Esta vez, sus primitos, Jacinta y Francisco le acompañaron siendo ahora también
pastorcitos y compañeros de juego.
“Fuimos con nuestras
ovejitas a una propiedad de mis padres, que está al fondo del Cabeço”
(La
Cabeza, una elevación rocosa unos 30 metros de altura). Lucía recuerda, dándonos de memoria los
detalles exactos. “Se llama la Casa Velha. De media mañana comenzó caer una
lluvia muy menuda. Subimos a la vertiente del monte, seguidos de nuestras
ovejitas, en busca de algún peñasco que nos sirviera de abrigo. Entonces fue
cuando entramos por primera vez en la gruta bendita. Está en medio de un
olivar, que pertenece a mi padrino Anastasio y se puede ver desde allí la aldea
donde nací, la casa de mis padres, los lugares de Casa Velha y Eira da Pedra.
El olivar continúa hasta confundirse con estos pequeños lugares.
“Pasamos el día en la
gruta”, Lucía
continuó, “a pesar de haber cesado de llover y haber descubierto el
sol lindo y claro. Despachamos nuestra comida y rezamos el Rosario. Terminado
el rezo, comenzamos a jugar a las piedritas.
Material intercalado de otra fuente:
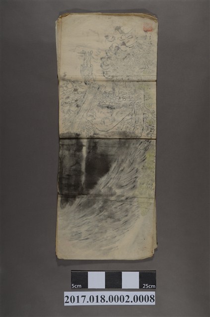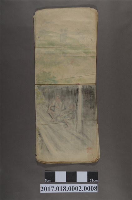 本畫作為日治時期的手繪圖,圖中屋舍部分則以黑色做暈染效果。紙張左下角蓋有紅色印章,上方刻有「江觀」的篆體。圖畫內容為兩名著傳統服飾的原住民,一男一女坐於屋舍前,其中的男性倚靠屋舍的柱子。該屋舍的屋頂由茅草鋪成,屋舍旁的樹木為淡綠色。古城江觀為日治時期畫家,受學於京都藝術家山元春舉,1924年在台灣進行全島創作寫生,其作品曾入選帝國美展,並曾於臺灣總督府舉辦畫展。
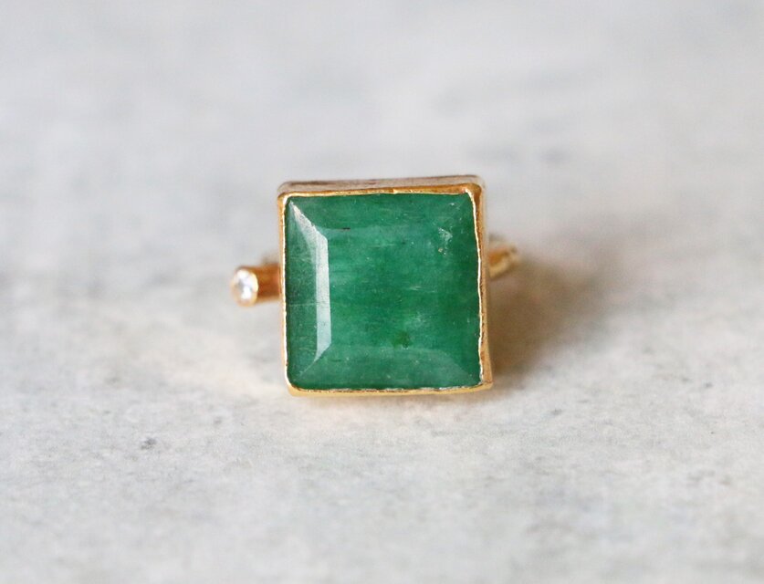 素材…トップは天然エメラルド キュービックジルコニア 指輪部分 スターリングシルバー925(ゴールドプレーテッド) 手作り

“Hacía algunos momentos que jugábamos y un viento fuerte
sacude los árboles y nos obliga a levantar la vista para ver lo que pasaba,
pues el día estaba sereno. He aquí que comenzamos a ver, a alguna distancia,
sobre los árboles que se extendían en dirección al oriente, una luz más blanca
que la nieve, con la figura de un joven transparente, más brillante que un
cristal herido por los rayos del sol”. Lucía intentó describir cada detalle de su aparición. “A medida que se acercaba, íbamos distinguiéndole las
facciones. Estábamos sorprendidos y medio absortos y no decíamos una palabra.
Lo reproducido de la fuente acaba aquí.